As some people on this site might be aware I don't always take downvotes well. So here's my attempt to provide more context to my answer for whoever decided to downvote.

Note that I will confine my discussion to functions $f: D\subseteq \Bbb R \to \Bbb R$ and to ideas that should be simple enough for anyone who's taken a course in scalar calculus to understand. Let me know if I haven't succeeded in some way.

First, it'll be convenient for us to define a new notation. It's called "little oh" notation.
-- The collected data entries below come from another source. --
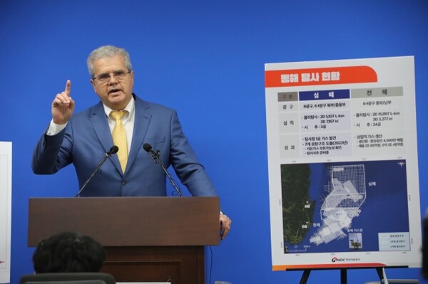 '세계 최고 수준의 심해 기술 평가 전문 기업인 미국의 액트 지오(Act-Geo) 사에 심층 분석을 맡겼으며, 최대 140억 배럴에 달하는 석유와 가스가 매장돼 있을 가능성이 매우 크다는 검사 결과가 나왔다고 합니다.
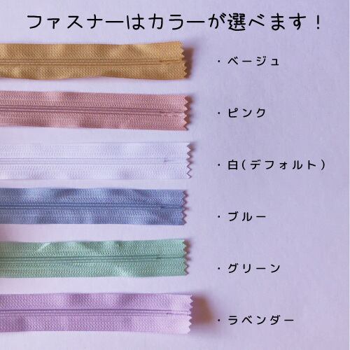 ②ファスナーカラーが選べます。サイズ別にカラーを変えたい場合は「白」でご注文後メッセージ欄で希望カラーをお知らせください。
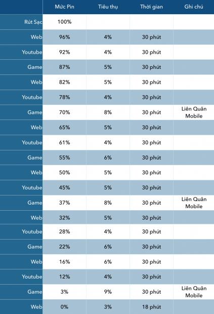 - Thử mỗi tác vụ trong 30 phút đến khi hết pin bao gồm: lướt web (web + chat + fb + đọc báo), xem Youtube, chơi game (Asphalt 8, Liên Quân Mobile), sử dụng tất cả bằng Wifi.
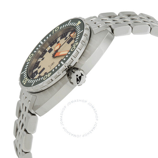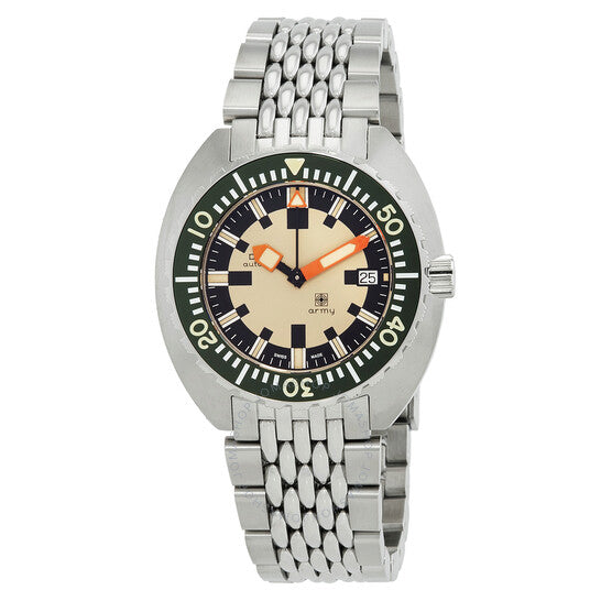 علبة وسوار من الفولاذ المقاوم للصدأ فضي اللون. إطار دوار أحادي الاتجاه من السيراميك الأخضر. ميناء بيج مع عقارب مضيئة ومؤشرات ساعات. مؤشرات دقائق حول الحافة الخارجية. نوع الميناء: تناظري. عقارب ومؤشرات مضيئة. عرض التاريخ عند موضع الساعة الثالثة. حركة أوتوماتيكية ETA عيار 2824، تحتوي على 25 جوهرة، تنبض بمعدل 28800 ذبذبة في الساعة، ولديها احتياطي طاقة يدوم حوالي 38 ساعة. زجاج من الياقوت المقاوم للخدش. تاج لولبي. غطاء خلفي صلب. شكل العلبة دائري، أبعادها: 42.50 مم × 44.50 مم، سمكها: 11.92 مم. عرض السوار: 20 مم. مشبك قابل للطي. مقاومة للماء حتى عمق 300 متر / 1000 قدم. الوظائف: التاريخ، الساعة، الدقائق، الثواني. سلسلة الجيش. طراز الساعة الرياضية. علامة الساعة: صناعة سويسرية. ساعة دوكسا آرمي أوتوماتيكية للرجال 785.10.031G.10.
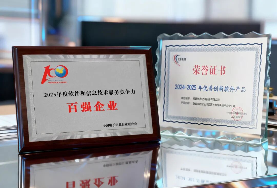 2025年10月15日,在第27届中国国际软件博览会(郑州)开幕式上,博思软件凭借卓越的综合实力与创新能力,成功蝉联“2025年度软件和信息技术服务竞争力百强企业”(简称“中国软件百强企业”), 排名从去年第 84 位提升至第 83 位。“财政大数据运行监测与智能决策平台V1.0”“阳光公采大模型智能咨询平台V2.0”“资产盘点云平台V1.0”同时入选“2024-2025年度优秀创新软件产品”。

**Definition**: A function $f$ is called little oh of $g$ as $x\to a$, denoted $f\in o(g)$ as $x\to a$, if

$$\lim_{x\to a}\frac {f(x)}{g(x)}=0$$

Intuitively this means that $f(x)\to 0$ as $x\to a$ "faster" than $g$ does.

Here are some examples:

- $x\in o(1)$ as $x\to 0$
- $x^2 \in o(x)$ as $x\to 0$
- $x\in o(x^2)$ as $x\to \infty$
- $x-\sin(x)\in o(x)$ as $x\to 0$
- $x-\sin(x)\in o(x^2)$ as $x\to 0$
- $x-\sin(x)\not\in o(x^3)$ as $x\to 0$

Now what is an affine approximation? (Note: I prefer to call it affine rather than linear -- if you've taken linear algebra then you'll know why.) It is simply a function $T(x) = A + Bx$ that *approximates* the function in question.
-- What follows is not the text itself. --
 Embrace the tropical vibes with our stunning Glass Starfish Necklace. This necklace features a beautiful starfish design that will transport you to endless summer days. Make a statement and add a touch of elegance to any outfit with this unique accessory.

Intuitively it should be clear which affine function should best approximate the function $f$ very near $a$. It should be $$L(x) = f(a) + f'(a)(x-a).$$ Why? Well consider that any affine function really only carries two pieces of information: slope and some point on the line. The function $L$ as I've defined it has the properties $L(a)=f(a)$ and $L'(a)=f'(a)$. Thus $L$ is the unique line which passes through the point $(a,f(a))$ and has the slope $f'(a)$.

But we can be a little more rigorous. Below I give a lemma and a theorem that tell us that $L(x) = f(a) + f'(a)(x-a)$ is the **best affine approximation** of the function $f$ at $a$.

**Lemma**: If a differentiable function $f$ can be written, for all $x$ in some neighborhood of $a$, as $$f(x) = A + B\cdot(x-a) + R(x-a)$$ where $A, B$ are constants and $R\in o(x-a)$, then $A=f(a)$ and $B=f'(a)$.

**Proof**: First notice that because $f$, $A$, and $B\cdot(x-a)$ are continuous at $x=a$, $R$ must be too. Then setting $x=a$ we immediately see that $f(a)=A$.

Then, rearranging the equation we get (for all $x\ne a$)

$$\frac{f(x)-f(a)}{x-a} = \frac{f(x)-A}{x-a} = \frac{B\cdot (x-a)+R(x-a)}{x-a} = B + \frac{R(x-a)}{x-a}$$

Then taking the limit as $x\to a$ we see that $B=f'(a)$. $\ \ \ \square$

**Theorem**: A function $f$ is differentiable at $a$ iff, for all $x$ in some neighborhood of $a$, $f(x)$ can be written as
$$f(x) = f(a) + B\cdot(x-a) + R(x-a)$$ where $B \in \Bbb R$ and $R\in o(x-a)$.

**Proof**: "$\implies$": If $f$ is differentiable then $f'(a) = \lim_{x\to a} \frac{f(x)-f(a)}{x-a}$ exists. This can alternatively be written $$f'(a) = \frac{f(x)-f(a)}{x-a} + r(x-a)$$ where the "remainder function" $r$ has the property $\lim_{x \to a} r(x-a)=0$. Rearranging this equation we get $$f(x) = f(a) + f'(a)(x-a) -r(x-a)(x-a).$$ Let $R(x-a):= -r(x-a)(x-a)$. Then clearly $R\in o(x-a)$ (confirm this for yourself). So $$f(x) = f(a) + f'(a)(x-a) + R(x-a)$$ as required.

"$\impliedby$": Simple rearrangement of this equation yields

$$B + \frac{R(x-a)}{x-a}= \frac{f(x)-f(a)}{x-a}.$$ The limit as $x\to a$ of the LHS exists and thus the limit also exists for the RHS. This implies $f$ is differentiable by the standard definition of differentiability. $\ \ \ \square$

Taken together the above lemma and theorem tell us that not only is $L(x) = f(a) + f'(a)(x-a)$ the only affine function who's remainder tends to $0$ as $x\to a$ **faster** than $x-a$ itself (this is the sense in which this approximation is the *best*), but also that we can even **define the concept differentiability** by the existence of this best affine approximation.